Omar Bongo
Omar Bongo Ondimba (born Albert-Bernard Bongo; 30 December 1935 – 8 June 2009) was a Gabonese politician who was the second president of Gabon for almost 42 years, from 1967 until his death in 2009. Bongo was promoted to key positions as a young official under Gabon's first President Léon M'ba in the 1960s, before being elected vice-president in his own right in 1966. In 1967, he succeeded M'ba to become the country's second president, upon the latter's death.

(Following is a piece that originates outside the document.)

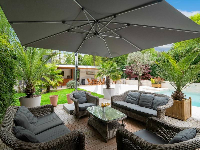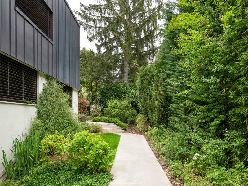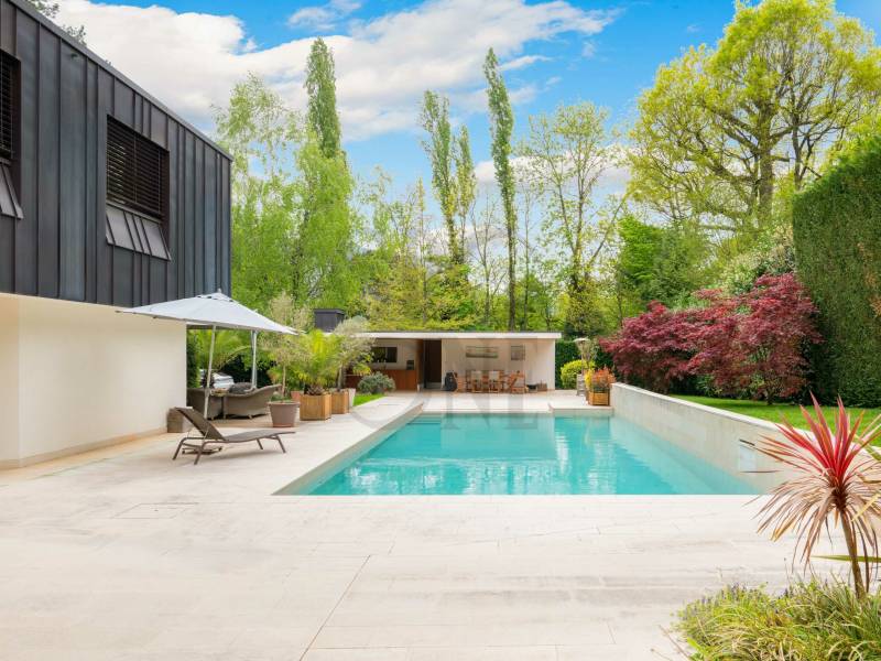 Ideally located in one of Geneva’s most sought-after neighborhoods, this architect-designed villa built in 2010 stands out for its contemporary elegance, high-end finishes and generous volumes. Set on a superb landscaped plot of 1’875 m², it offers a unique setting, combining calm, privacy and optimal sunshine throughout the day.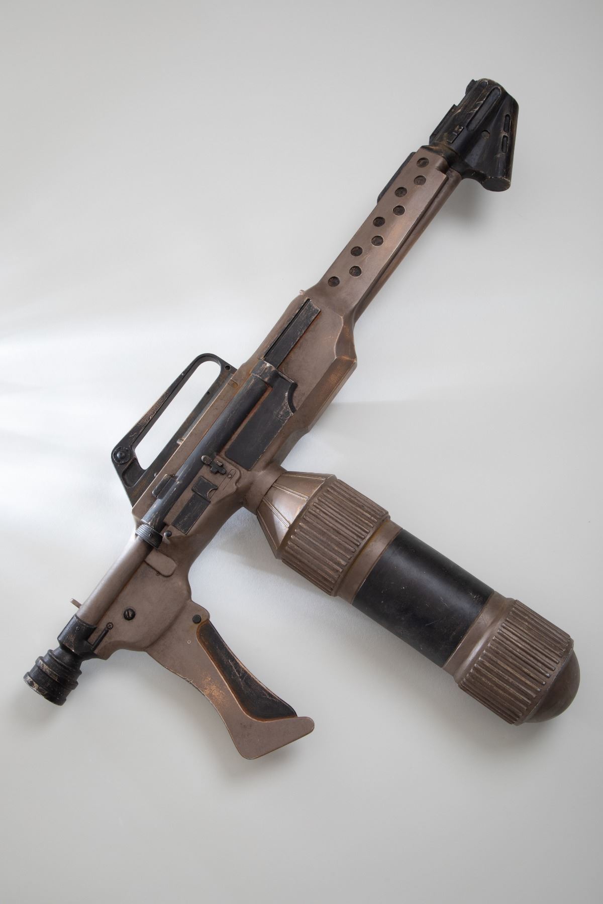 Replica static flamethrower made by Greg Jein from the movie “Aliens”. Made of wood. Well distressed. Virtually identical in appearance to authentic flamethrower used in filming. From the collection of Greg Jein. Comes with a Certificate of Authenticity from Studio Auctions.

Bongo headed the single-party regime of the Gabonese Democratic Party (PDG) until 1990, when, faced with public pressure, he was forced to introduce multi-party politics into Gabon. His political survival despite intense opposition to his rule in the early 1990s seemed to stem once again from consolidating power by bringing most of the major opposition leaders at the time to his side. The 1993 presidential election was extremely controversial but ended with his re-election then and the subsequent elections of 1998 and 2005. His respective parliamentary majorities increased and the opposition becoming more subdued with each succeeding election.[2] After Cuban leader Fidel Castro stepped down in February 2008, Bongo became the world's longest-ruling non-royal leader.[3] He was one of the longest serving non-royal rulers before his death.[4][5]
Bongo was criticized for in effect having worked for himself, his family and local elites and not for Gabon and its people. For instance, French green politician Eva Joly claimed that during Bongo's long reign, despite an oil-led GDP per capita growth to one of the highest levels in Africa, Gabon built only 5 km of freeway a year and still had one of the world's highest infant mortality rates by the time of his death in 2009.[6]
After Bongo's death in June 2009, his son Ali Bongo, who had long been assigned key ministerial responsibilities by his father, was elected to succeed him in August of that year.
Early life[edit]
The youngest of twelve siblings, Albert-Bernard Bongo was born on 30 December 1935 in Lewai (since renamed Bongoville), French Equatorial Africa, a town of the Haut-Ogooué province in what is now southeastern Gabon near the border with the Republic of the Congo. He was a member of the small Bateke ethnic group.[7] He changed his name to El Hadj Omar Bongo when he converted to Islam in 1973.[8] After completing his primary and secondary education in Brazzaville (then the capital of French Equatorial Africa), Bongo held a job at the Post and Telecommunications Public Services, before joining the French military where he served as a second lieutenant and then as a first lieutenant in the Air Force, in Brazzaville, Bangui and Fort Lamy (present-day N'djamena, Chad) successively, before being honourably discharged as captain.[9]
Political career[edit]
Pre-Presidency[edit]
After Gabon's independence in 1960, Albert-Bernard Bongo began his political career, rapidly rising through a succession of positions under President Léon M'ba.[10] Bongo campaigned for M. Sandoungout in Haut Ogooué in the 1961 parliamentary election, choosing not to run for election in his own right; Sandoungout was elected and became Minister of Health. Bongo worked at the Ministry of Foreign Affairs for a time, and he was named Assistant Director of the Presidential Cabinet in March 1962; he was named Director seven months later.[11] In 1964, during the only coup attempt in 20th-century Gabon, M'ba was kidnapped and Bongo was held in a military camp in Libreville, though M'ba was restored to power two days later.[10]
On 24 September 1965, he was appointed as Presidential Representative and placed in charge of defence and coordination. He was then appointed Minister of Information and Tourism, initially on an interim basis, then formally holding the position in August 1966. M'ba, whose health was declining, appointed Bongo as Vice-President of Gabon on 12 November 1966. In the presidential election held on 19 March 1967, M'ba was re-elected as President and Bongo was elected as Vice-President during the same election. Bongo was in effective control of Gabon since November 1966 during President Léon M'ba's long illness.[12]